*** Opening of Given data ***
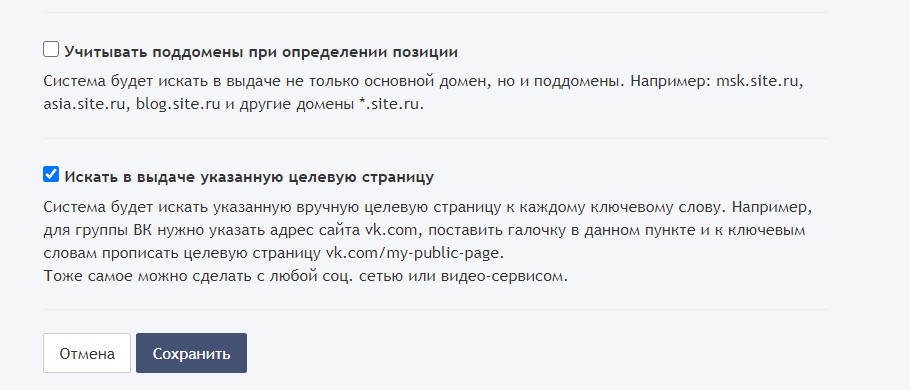 Пункт «Искать в выдаче указанную целевую страницу» позволит следить за позициями отдельных страниц. Так можно смотреть позиции групп в социальных сетях, профилей в видеосервисах. Для этого отметьте этот пункт галочкой и вместо адреса сайта укажите ссылку на страницу.
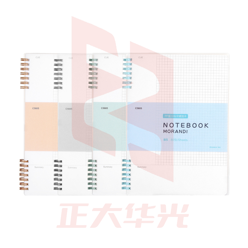 齐心 C5605 莫兰迪系列PP面分段双螺旋本 B5 80张(蓝 绿 黄 灰) C5605
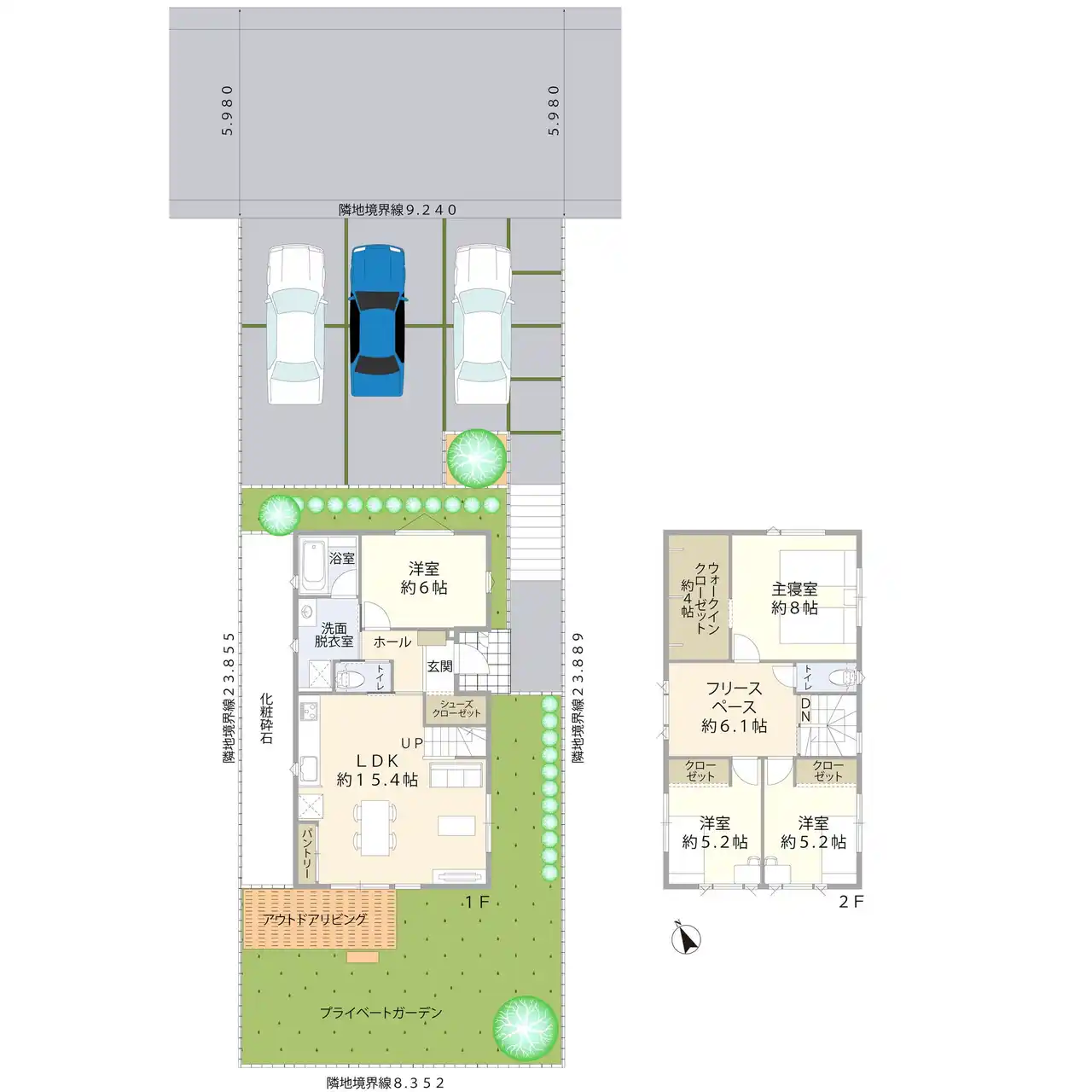 駐車3台分を確保した外構工事済みの敷地設計 |
*** Close of Given data ***
* **Exercise aim**
Line by line, return the listing above exactly, dropping every picture.

* **Response area**
 Пункт «Искать в выдаче указанную целевую страницу» позволит следить за позициями отдельных страниц. Так можно смотреть позиции групп в социальных сетях, профилей в видеосервисах. Для этого отметьте этот пункт галочкой и вместо адреса сайта укажите ссылку на страницу.
 齐心 C5605 莫兰迪系列PP面分段双螺旋本 B5 80张(蓝 绿 黄 灰) C5605
 駐車3台分を確保した外構工事済みの敷地設計 |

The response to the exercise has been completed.